- _What the task requires_
Exactly as written, output each of the lines below, with no images.

- _Material provided_

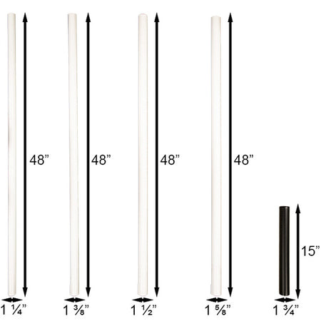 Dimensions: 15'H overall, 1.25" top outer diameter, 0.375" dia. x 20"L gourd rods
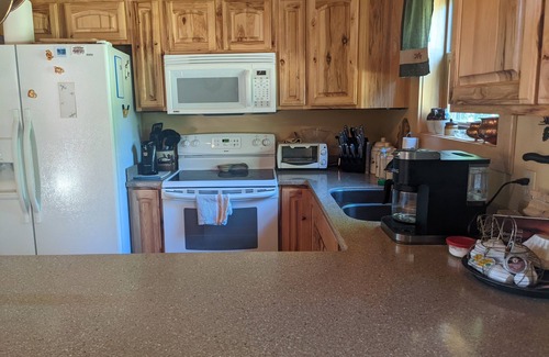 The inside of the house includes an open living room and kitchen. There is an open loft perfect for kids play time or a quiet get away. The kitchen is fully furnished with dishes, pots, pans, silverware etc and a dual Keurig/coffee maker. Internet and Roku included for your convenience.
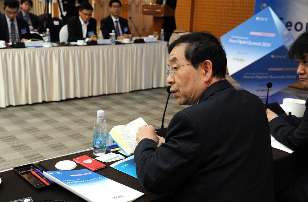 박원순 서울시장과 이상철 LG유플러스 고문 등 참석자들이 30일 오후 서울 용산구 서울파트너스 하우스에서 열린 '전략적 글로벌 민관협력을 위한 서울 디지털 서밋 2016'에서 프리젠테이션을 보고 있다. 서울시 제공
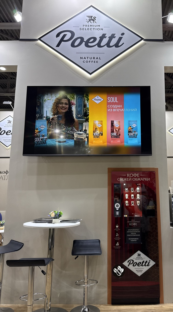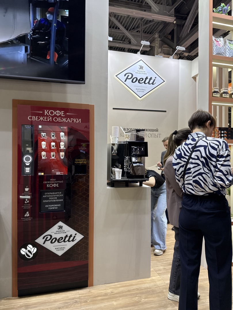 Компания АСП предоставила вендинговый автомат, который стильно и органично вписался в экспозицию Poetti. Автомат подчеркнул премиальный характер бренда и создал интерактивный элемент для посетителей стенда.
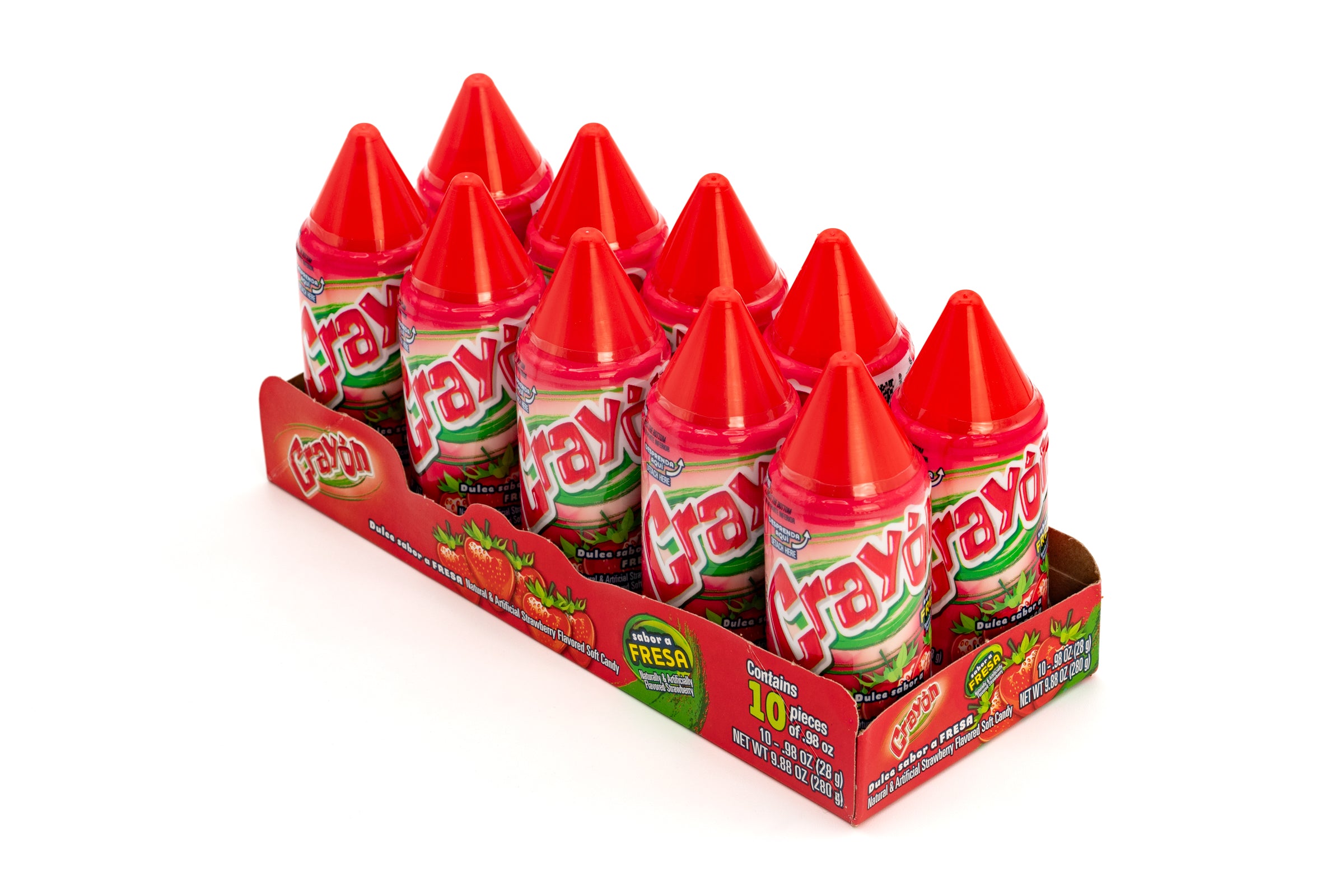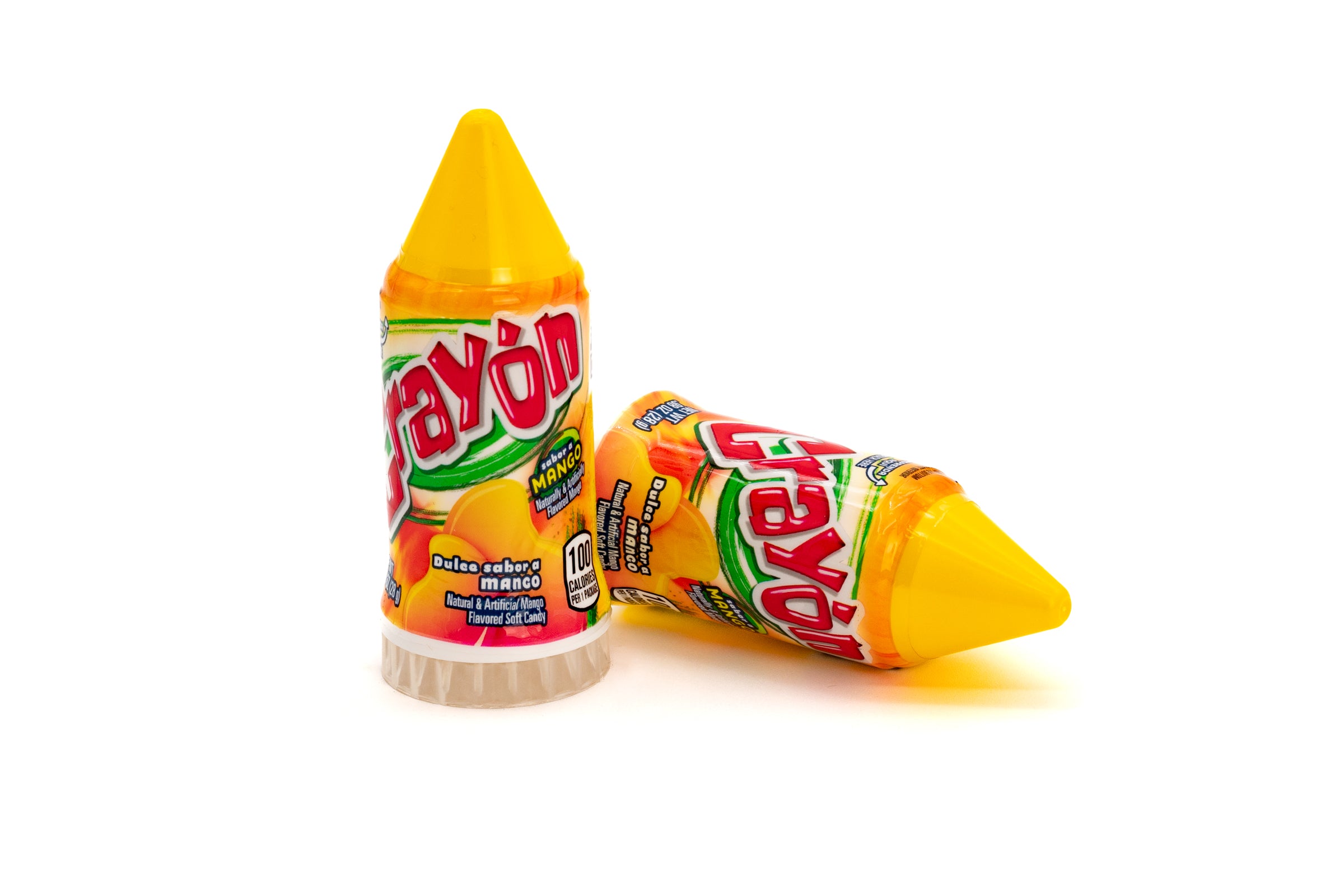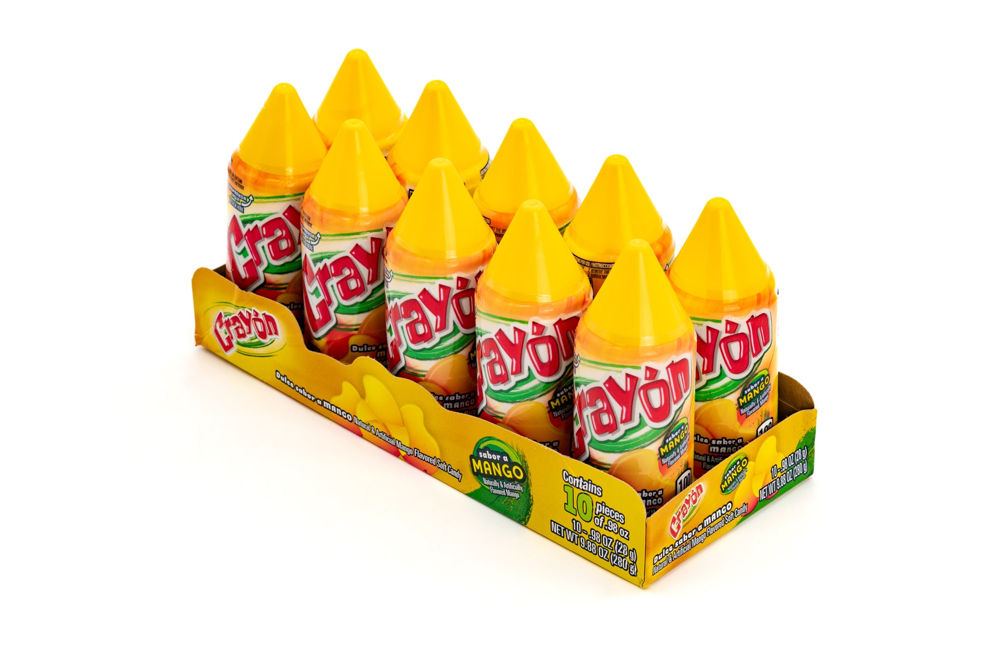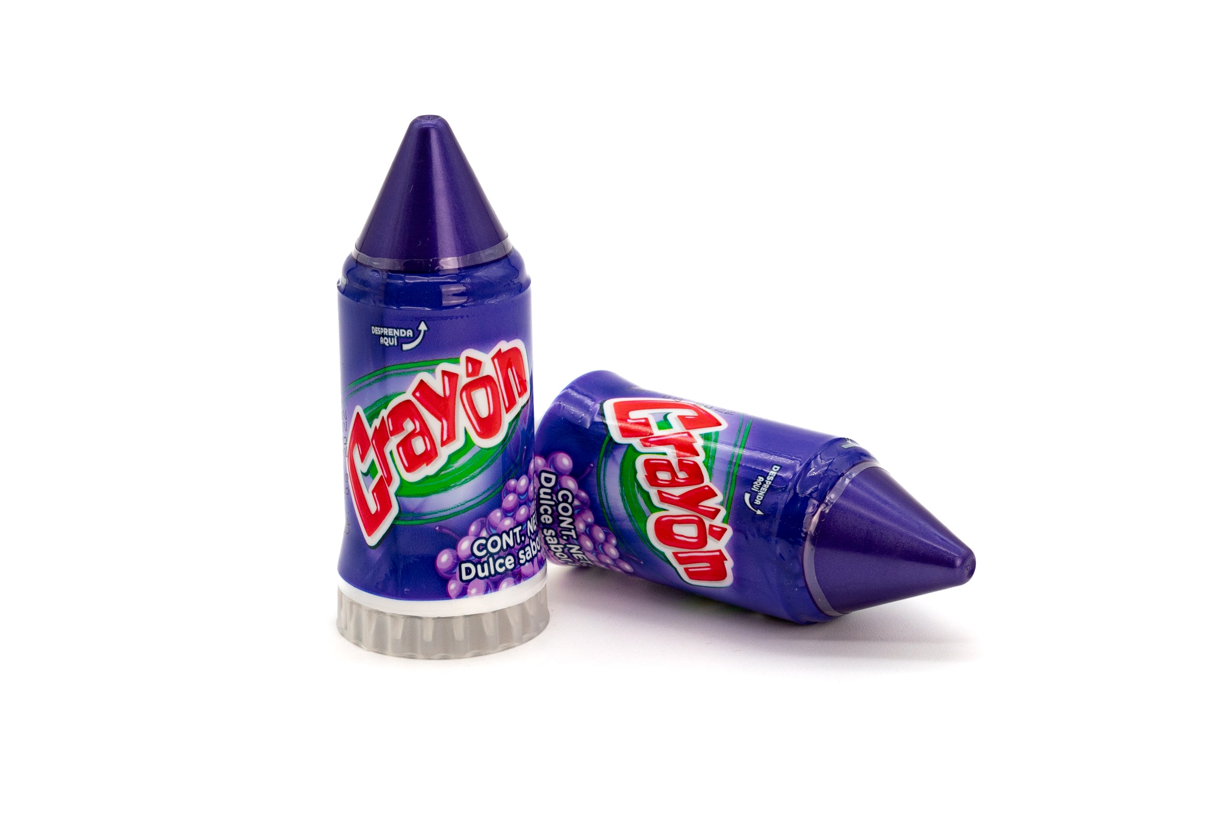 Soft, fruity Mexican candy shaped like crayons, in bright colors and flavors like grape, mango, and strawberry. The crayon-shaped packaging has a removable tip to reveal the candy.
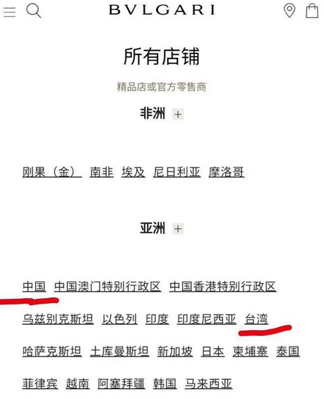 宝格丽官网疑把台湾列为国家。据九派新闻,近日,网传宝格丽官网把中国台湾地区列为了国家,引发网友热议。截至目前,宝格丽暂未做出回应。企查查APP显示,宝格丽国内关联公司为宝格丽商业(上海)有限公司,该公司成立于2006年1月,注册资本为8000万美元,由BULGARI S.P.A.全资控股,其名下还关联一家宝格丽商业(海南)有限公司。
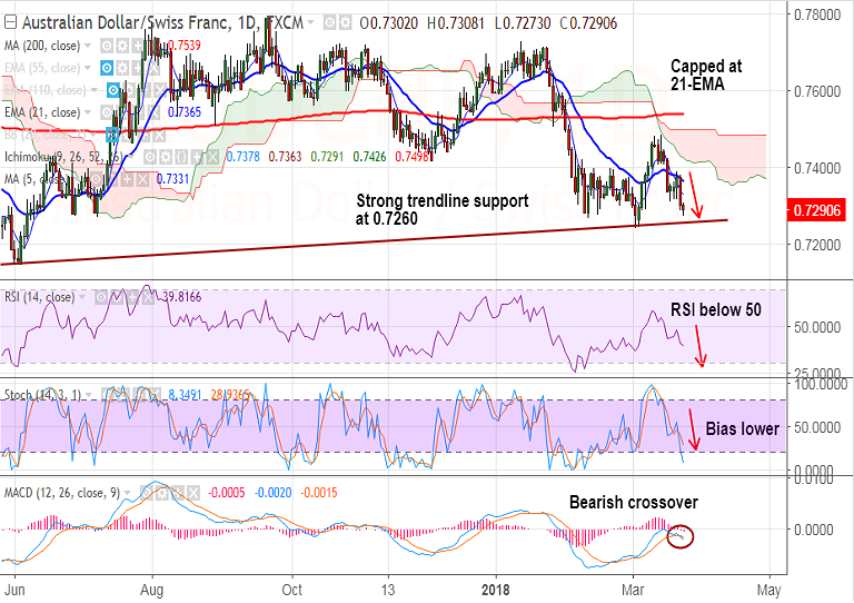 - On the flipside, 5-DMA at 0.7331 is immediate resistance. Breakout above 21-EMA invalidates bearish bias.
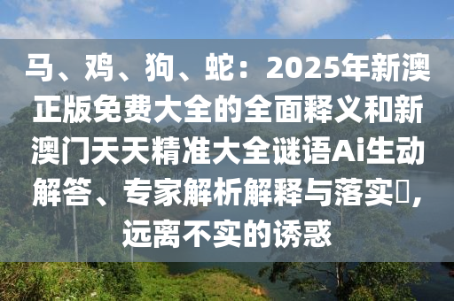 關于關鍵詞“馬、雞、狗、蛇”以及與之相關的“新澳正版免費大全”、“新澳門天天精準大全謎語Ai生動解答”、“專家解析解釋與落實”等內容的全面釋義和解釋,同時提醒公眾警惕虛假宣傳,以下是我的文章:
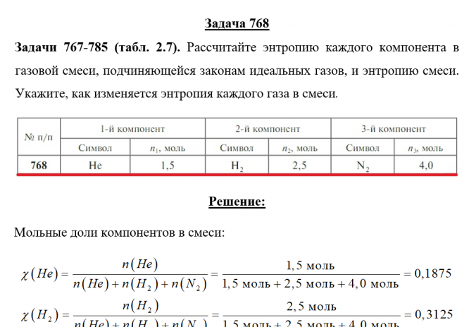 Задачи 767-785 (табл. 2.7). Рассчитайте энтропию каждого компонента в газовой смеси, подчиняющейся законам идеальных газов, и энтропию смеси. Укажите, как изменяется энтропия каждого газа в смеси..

- _Written solution_
 Dimensions: 15'H overall, 1.25" top outer diameter, 0.375" dia. x 20"L gourd rods
 The inside of the house includes an open living room and kitchen. There is an open loft perfect for kids play time or a quiet get away. The kitchen is fully furnished with dishes, pots, pans, silverware etc and a dual Keurig/coffee maker. Internet and Roku included for your convenience.
 박원순 서울시장과 이상철 LG유플러스 고문 등 참석자들이 30일 오후 서울 용산구 서울파트너스 하우스에서 열린 '전략적 글로벌 민관협력을 위한 서울 디지털 서밋 2016'에서 프리젠테이션을 보고 있다. 서울시 제공
 Компания АСП предоставила вендинговый автомат, который стильно и органично вписался в экспозицию Poetti. Автомат подчеркнул премиальный характер бренда и создал интерактивный элемент для посетителей стенда.
 Soft, fruity Mexican candy shaped like crayons, in bright colors and flavors like grape, mango, and strawberry. The crayon-shaped packaging has a removable tip to reveal the candy.
 宝格丽官网疑把台湾列为国家。据九派新闻,近日,网传宝格丽官网把中国台湾地区列为了国家,引发网友热议。截至目前,宝格丽暂未做出回应。企查查APP显示,宝格丽国内关联公司为宝格丽商业(上海)有限公司,该公司成立于2006年1月,注册资本为8000万美元,由BULGARI S.P.A.全资控股,其名下还关联一家宝格丽商业(海南)有限公司。
 - On the flipside, 5-DMA at 0.7331 is immediate resistance. Breakout above 21-EMA invalidates bearish bias.
 關于關鍵詞“馬、雞、狗、蛇”以及與之相關的“新澳正版免費大全”、“新澳門天天精準大全謎語Ai生動解答”、“專家解析解釋與落實”等內容的全面釋義和解釋,同時提醒公眾警惕虛假宣傳,以下是我的文章:
 Задачи 767-785 (табл. 2.7). Рассчитайте энтропию каждого компонента в газовой смеси, подчиняющейся законам идеальных газов, и энтропию смеси. Укажите, как изменяется энтропия каждого газа в смеси..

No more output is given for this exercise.